▶ [Task item]:
In the records below, find the line containing "Last move : 1-0" and the line containing "Tapesearch Chat - Find"; please repeat exactly the lines from one to the other, both included, and nothing more.
---- Extracted material
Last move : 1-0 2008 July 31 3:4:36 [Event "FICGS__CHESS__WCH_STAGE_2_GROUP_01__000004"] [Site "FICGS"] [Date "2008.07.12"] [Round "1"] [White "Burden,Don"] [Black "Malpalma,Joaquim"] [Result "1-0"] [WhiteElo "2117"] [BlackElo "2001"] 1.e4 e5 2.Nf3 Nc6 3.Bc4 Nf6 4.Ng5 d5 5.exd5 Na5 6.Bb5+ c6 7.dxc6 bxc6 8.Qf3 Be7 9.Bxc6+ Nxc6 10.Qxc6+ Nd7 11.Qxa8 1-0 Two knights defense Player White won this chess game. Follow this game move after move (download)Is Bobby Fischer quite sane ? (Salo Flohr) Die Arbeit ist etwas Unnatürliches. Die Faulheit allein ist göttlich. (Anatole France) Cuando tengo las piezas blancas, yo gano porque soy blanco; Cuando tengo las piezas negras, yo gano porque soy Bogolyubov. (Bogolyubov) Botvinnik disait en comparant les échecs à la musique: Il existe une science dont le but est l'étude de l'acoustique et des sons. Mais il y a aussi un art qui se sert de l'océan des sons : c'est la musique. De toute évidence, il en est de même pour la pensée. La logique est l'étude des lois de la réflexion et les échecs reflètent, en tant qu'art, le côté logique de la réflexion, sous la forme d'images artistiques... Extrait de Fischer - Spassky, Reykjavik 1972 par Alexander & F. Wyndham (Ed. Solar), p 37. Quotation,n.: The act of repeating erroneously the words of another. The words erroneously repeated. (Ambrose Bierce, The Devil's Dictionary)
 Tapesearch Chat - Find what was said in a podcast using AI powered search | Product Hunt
--------
---- Extracted material
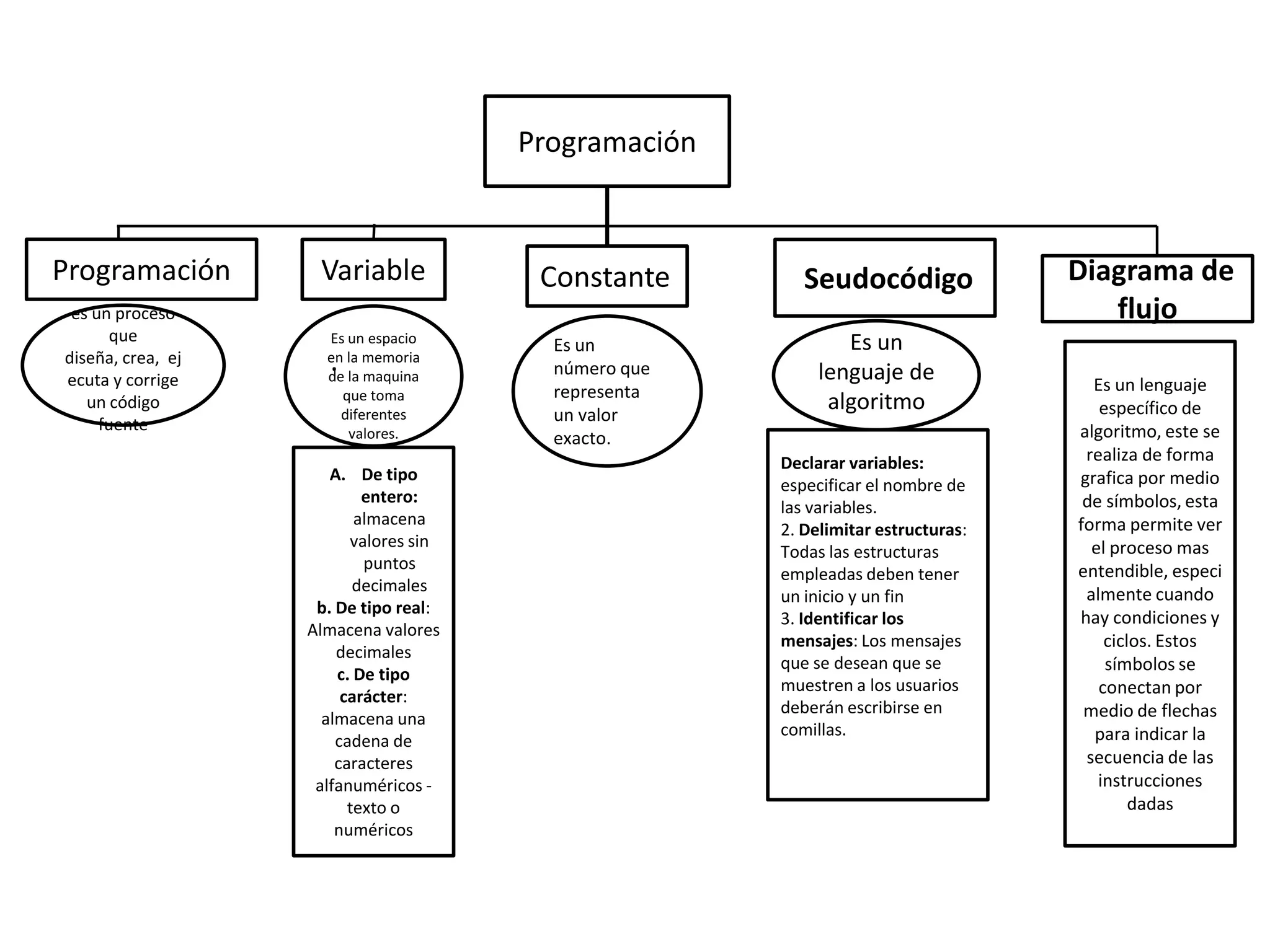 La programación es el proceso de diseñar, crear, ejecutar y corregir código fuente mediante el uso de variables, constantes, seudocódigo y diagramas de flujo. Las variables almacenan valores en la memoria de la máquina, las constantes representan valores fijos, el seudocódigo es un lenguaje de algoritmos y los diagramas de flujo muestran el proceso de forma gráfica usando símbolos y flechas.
--------
▶ [Task output]:
Last move : 1-0 2008 July 31 3:4:36 [Event "FICGS__CHESS__WCH_STAGE_2_GROUP_01__000004"] [Site "FICGS"] [Date "2008.07.12"] [Round "1"] [White "Burden,Don"] [Black "Malpalma,Joaquim"] [Result "1-0"] [WhiteElo "2117"] [BlackElo "2001"] 1.e4 e5 2.Nf3 Nc6 3.Bc4 Nf6 4.Ng5 d5 5.exd5 Na5 6.Bb5+ c6 7.dxc6 bxc6 8.Qf3 Be7 9.Bxc6+ Nxc6 10.Qxc6+ Nd7 11.Qxa8 1-0 Two knights defense Player White won this chess game. Follow this game move after move (download)Is Bobby Fischer quite sane ? (Salo Flohr) Die Arbeit ist etwas Unnatürliches. Die Faulheit allein ist göttlich. (Anatole France) Cuando tengo las piezas blancas, yo gano porque soy blanco; Cuando tengo las piezas negras, yo gano porque soy Bogolyubov. (Bogolyubov) Botvinnik disait en comparant les échecs à la musique: Il existe une science dont le but est l'étude de l'acoustique et des sons. Mais il y a aussi un art qui se sert de l'océan des sons : c'est la musique. De toute évidence, il en est de même pour la pensée. La logique est l'étude des lois de la réflexion et les échecs reflètent, en tant qu'art, le côté logique de la réflexion, sous la forme d'images artistiques... Extrait de Fischer - Spassky, Reykjavik 1972 par Alexander & F. Wyndham (Ed. Solar), p 37. Quotation,n.: The act of repeating erroneously the words of another. The words erroneously repeated. (Ambrose Bierce, The Devil's Dictionary)
 Tapesearch Chat - Find what was said in a podcast using AI powered search | Product Hunt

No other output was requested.